SOURCE DATA:
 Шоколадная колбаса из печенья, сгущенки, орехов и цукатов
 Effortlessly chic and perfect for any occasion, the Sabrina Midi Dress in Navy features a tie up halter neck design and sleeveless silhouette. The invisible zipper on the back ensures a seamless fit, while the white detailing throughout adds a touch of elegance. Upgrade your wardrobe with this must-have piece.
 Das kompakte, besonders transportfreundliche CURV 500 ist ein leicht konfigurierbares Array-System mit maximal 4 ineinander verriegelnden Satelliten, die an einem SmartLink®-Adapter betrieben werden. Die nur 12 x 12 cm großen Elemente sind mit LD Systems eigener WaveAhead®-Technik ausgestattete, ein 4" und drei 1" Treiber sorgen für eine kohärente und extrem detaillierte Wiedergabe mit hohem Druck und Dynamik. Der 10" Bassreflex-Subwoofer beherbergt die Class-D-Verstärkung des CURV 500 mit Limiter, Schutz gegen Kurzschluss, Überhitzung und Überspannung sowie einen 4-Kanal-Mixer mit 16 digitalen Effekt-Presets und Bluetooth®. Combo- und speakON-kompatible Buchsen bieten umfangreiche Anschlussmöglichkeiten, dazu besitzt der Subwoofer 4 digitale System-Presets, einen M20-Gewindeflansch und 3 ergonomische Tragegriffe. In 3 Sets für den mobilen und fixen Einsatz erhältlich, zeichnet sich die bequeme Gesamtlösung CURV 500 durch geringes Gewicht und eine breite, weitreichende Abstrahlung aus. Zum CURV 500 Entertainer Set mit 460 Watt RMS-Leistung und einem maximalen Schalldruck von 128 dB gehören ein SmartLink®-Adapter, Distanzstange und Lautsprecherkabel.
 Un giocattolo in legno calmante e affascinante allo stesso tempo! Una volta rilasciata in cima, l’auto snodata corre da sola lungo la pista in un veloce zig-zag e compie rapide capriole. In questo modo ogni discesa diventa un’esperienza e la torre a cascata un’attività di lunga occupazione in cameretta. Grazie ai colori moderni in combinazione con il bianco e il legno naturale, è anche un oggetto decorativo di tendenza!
---
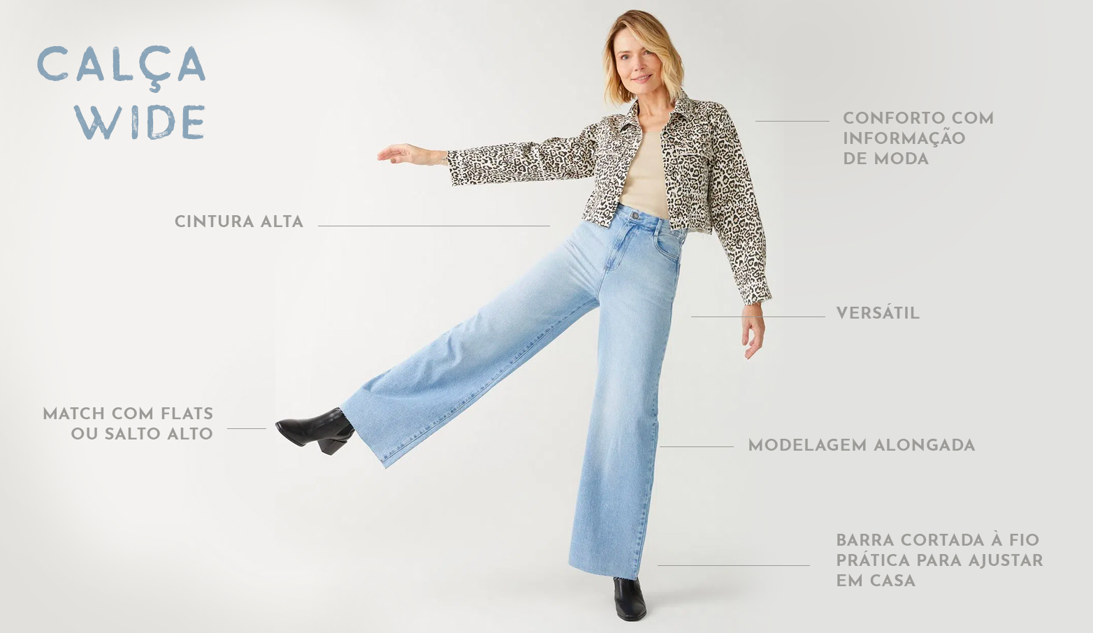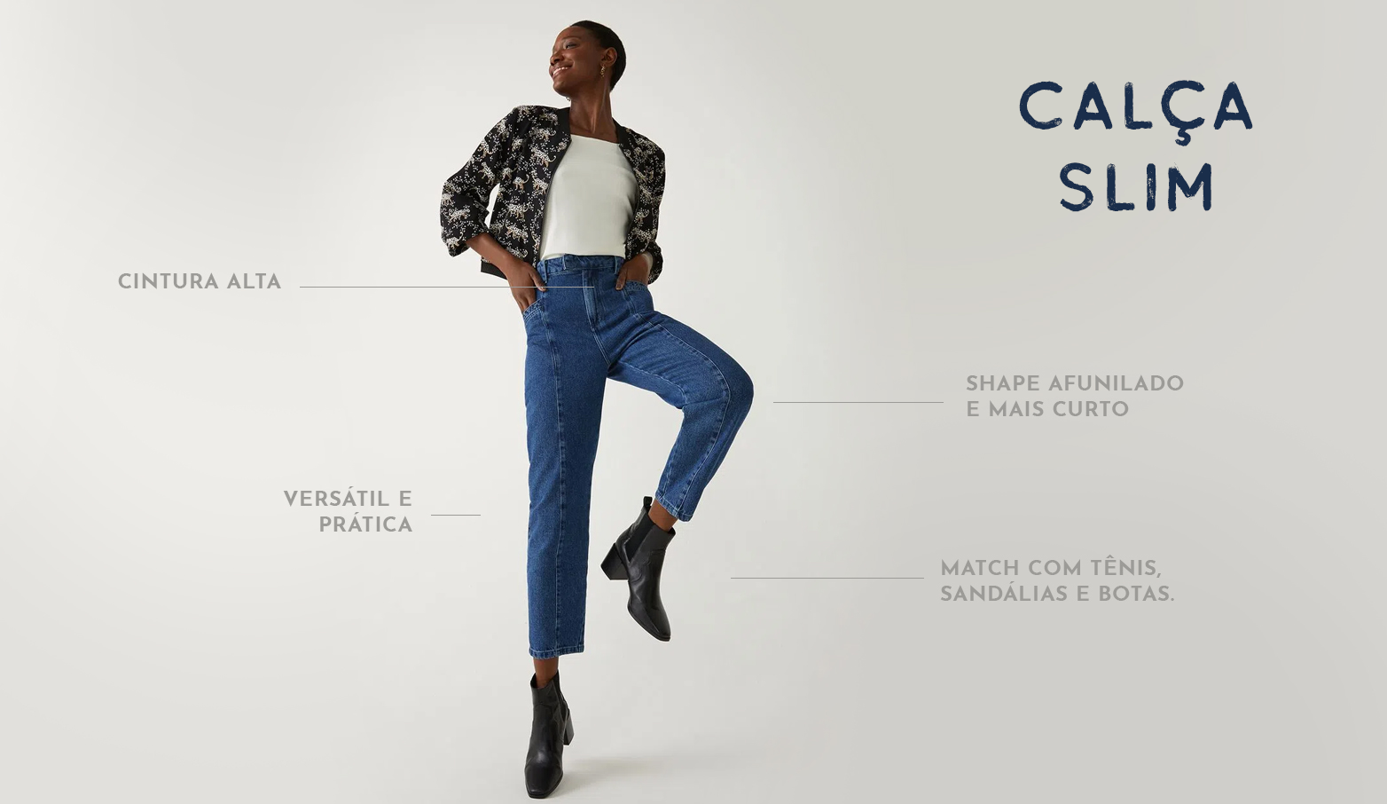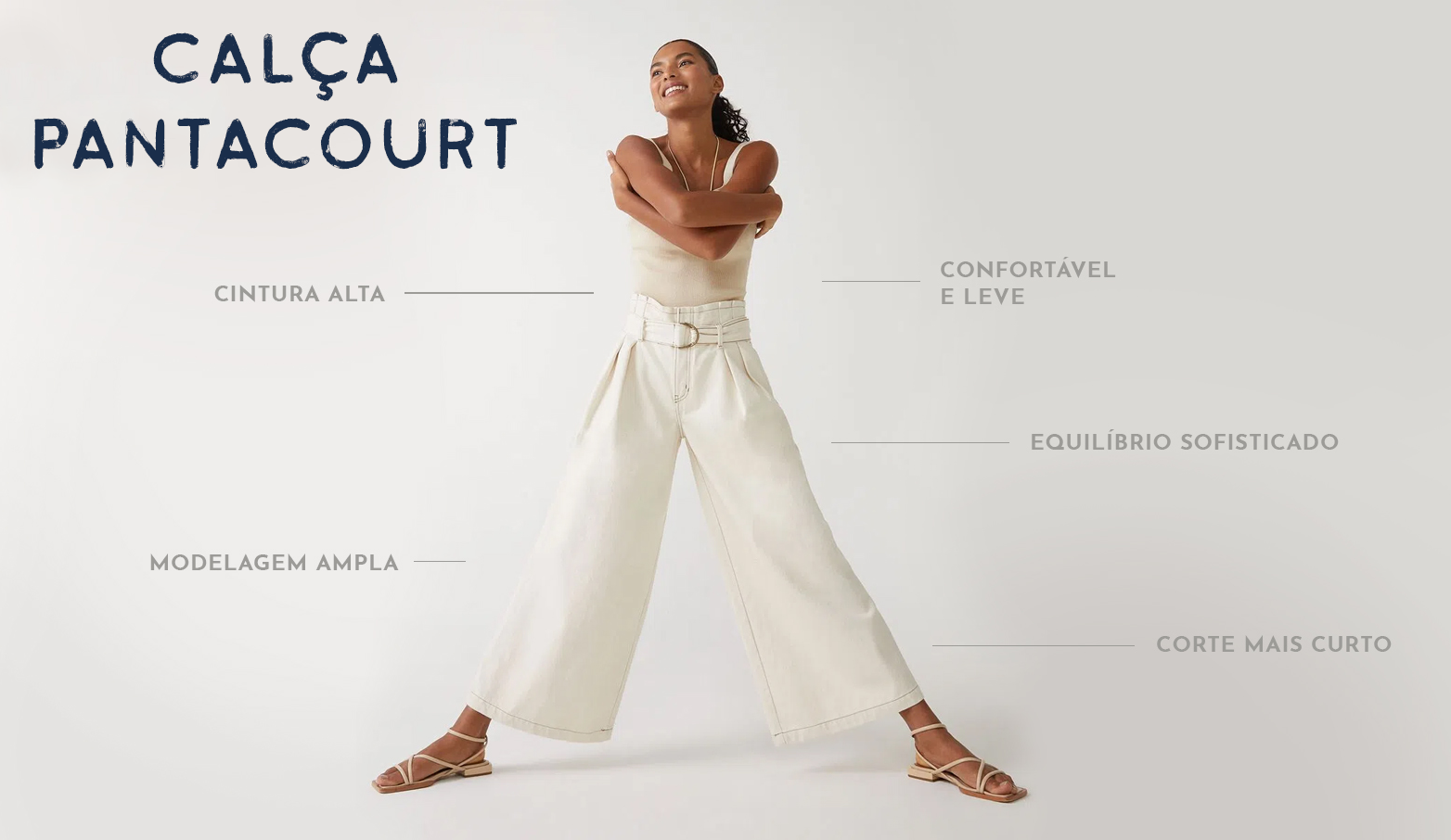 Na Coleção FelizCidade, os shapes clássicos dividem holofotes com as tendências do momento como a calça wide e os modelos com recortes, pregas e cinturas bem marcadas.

PROBLEM REQUIREMENTS: Give only the lines from the one holding "Шоколадная колбаса из" through the one holding "Effortlessly chic and", each restated exactly as it appears above.

RESPONSE TO THIS TASK:
 Шоколадная колбаса из печенья, сгущенки, орехов и цукатов
 Effortlessly chic and perfect for any occasion, the Sabrina Midi Dress in Navy features a tie up halter neck design and sleeveless silhouette. The invisible zipper on the back ensures a seamless fit, while the white detailing throughout adds a touch of elegance. Upgrade your wardrobe with this must-have piece.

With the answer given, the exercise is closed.